Collective exercise of rights – No to the commercialization of Swiss law

Consulted on the draft revision of the Code of Civil Procedure (CPC), economic circles had rejected the Federal Council’s proposals for the introduction of instruments for the collective exercise of rights and subsequently noted with satisfaction that they had been withdrawn.

“New proposals” on the collective exercise of rights

According to today’s press release, the parliamentary debates on the revision of the CPC revealed that “new proposals on the collective exercise of rights” were clearly expected from the Federal Council. What is incomprehensible, however, is that these are not subject to consultation, but are directly approved before parliament.

In concrete terms, the intention is that the existing collective action for organizations can now also be used for claims for damages, all violations of the law together. Collective mediation – whether or not within a class action procedure – must also become possible. The courts are thus thrown into the hands of the litigation industry as it is sufficient that the complaining organizations exist for at least twelve months when they initiate proceedings. Collective actions will be implemented across sectors and thus be available in all jurisdictions. According to the notice, the condition that only organizations “of national or regional interest” can file complaints in Switzerland will be removed, in violation of current law. This possibility will also be offered to foreign organizations, whereby additional conditions with regard to the authorization or qualification of legitimate associations and organizations will also be waived. With this project, the door is wide open for the international process industry, exactly the trend that the business community has been warning about for a long time. However, no measures appear to be planned to protect us from this.

Unanimous rejection by the economy

As soon as the preliminary draft revision of the Code of Civil Procedure was published, economic circles in our country rejected the idea of ​​introducing collective action instruments into the Swiss legal system (see also the political file economiesuisse: Class actions).

A year ago, economysuisse explained why Swiss companies were against the introduction of such instruments on principle: they strongly encourage abuse, play on the commercialization of Swiss law and only create new problems.
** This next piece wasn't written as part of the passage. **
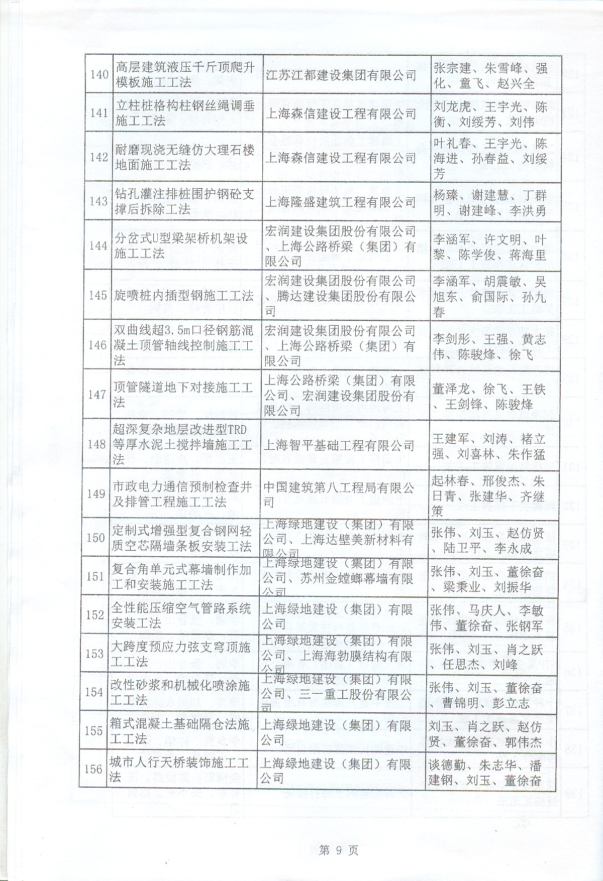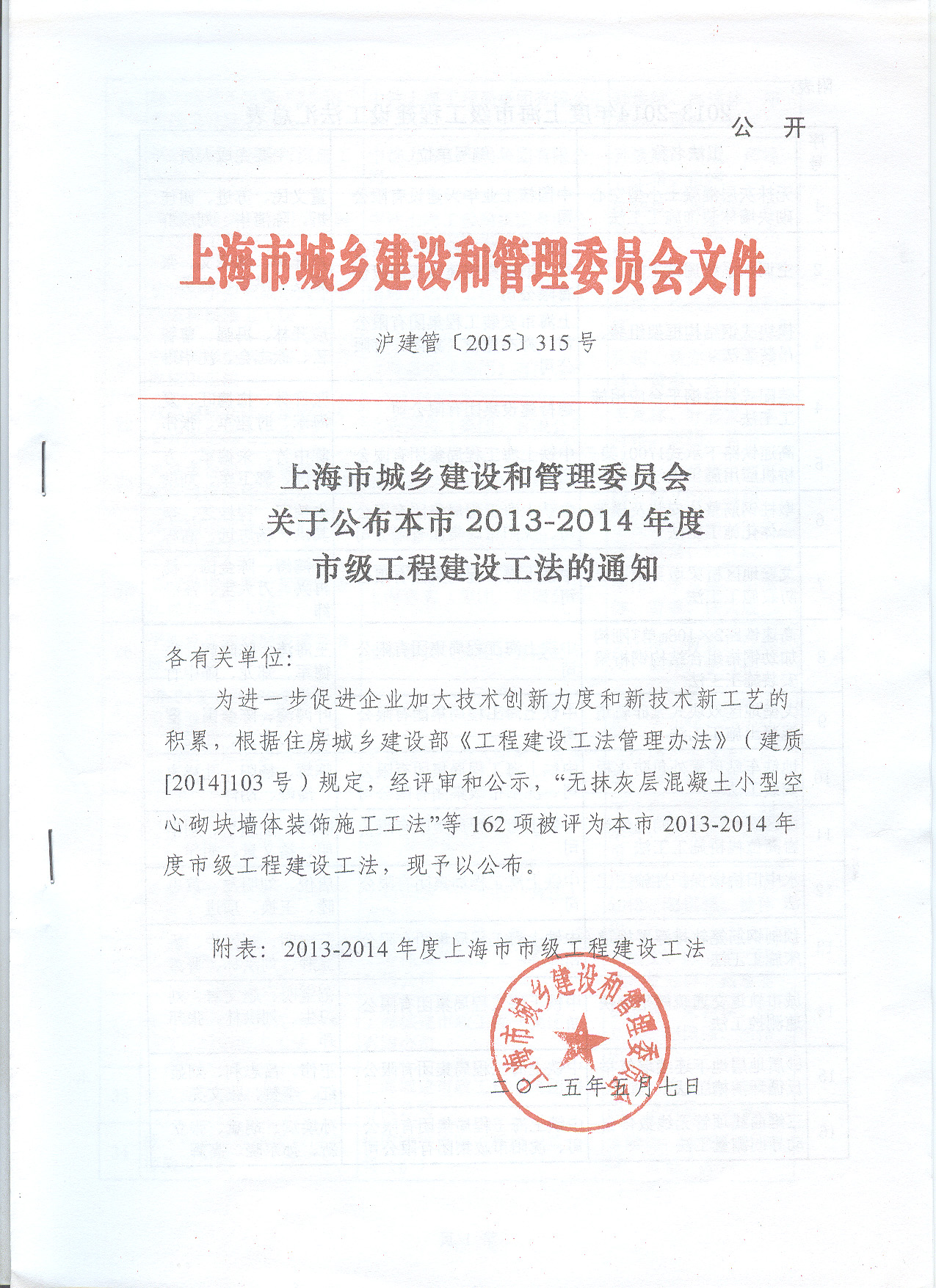 本年度,根据住房城乡建设部《工程建设工法管理办法》(建质【2014】103号)规定,经上海市城乡建设和管理委员会评审和公示,我单位申报的四项工法被评为2013-2014年度上海市市级工法。

Any company in any industry can become a target and face significant liability risks. The ensuing drawbacks, such as a generalized price hike and possible abuse against all Swiss companies, will be significant to our economic system and the model to which Switzerland owes its success. Not to mention that our country will be in the spotlight of a very active process industry that skillfully maneuvers around the world. Ultimately, Swiss consumers will also be the losers.

Facilitating access to justice, a laudable desire

The current draft revision aims to facilitate access to justice, which is supported in Swiss economic circles. These improvements will make it easier to exercise their rights in court (e.g. reduction of the advance of costs for claimants, no transfer of the risks of costs and insolvency to claimants, temporary extension of the mediation procedure, simplification of coordination of proceedings). All these measures – which Parliament is currently considering – use existing and proven means in our legal system. It is therefore appropriate to implement them first to facilitate access to justice and then to wait for the experiments made with the revised Code of Civil Procedure before introducing new procedural instruments prone to abuse.